| Problem to work on |
Leaving out the images, return the data below exactly as it is written.

| Exercise data |
········
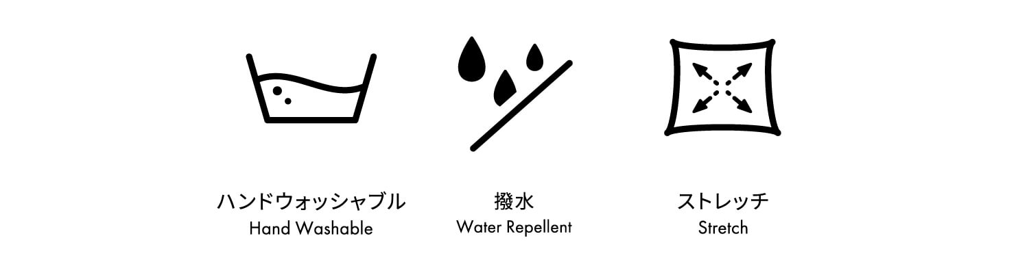 ストレッチ性に優れ、さらに撥水機能も備えているため、お出かけやアクティブなシーンでも快適に着用いただけます。
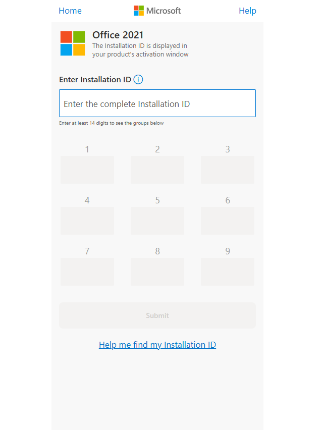 You will see the “Enter Installation ID” page.
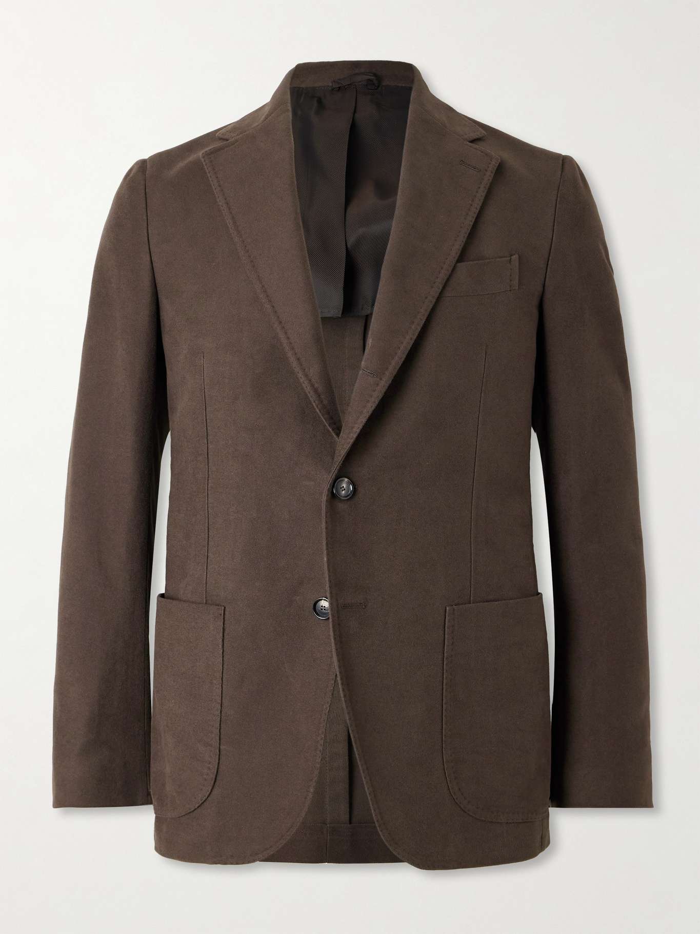 De Petrillo's suit jacket is made from naturally breathable cotton in a brown hue complemented by tonal buttons. It's constructed with a partial lining and light, flexible seamwork, as customary to Neapolitan tailoring.
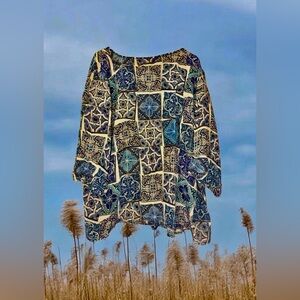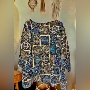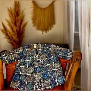 Up for sale is a"blue and white graphic tunic blouse" from the brand Tolani, featuring a mosaic tile pattern. It offers a relaxed fit and is often described as having a bohemian or casual style.
········
| Answer area |
 ストレッチ性に優れ、さらに撥水機能も備えているため、お出かけやアクティブなシーンでも快適に着用いただけます。
 You will see the “Enter Installation ID” page.
 De Petrillo's suit jacket is made from naturally breathable cotton in a brown hue complemented by tonal buttons. It's constructed with a partial lining and light, flexible seamwork, as customary to Neapolitan tailoring.
 Up for sale is a"blue and white graphic tunic blouse" from the brand Tolani, featuring a mosaic tile pattern. It offers a relaxed fit and is often described as having a bohemian or casual style.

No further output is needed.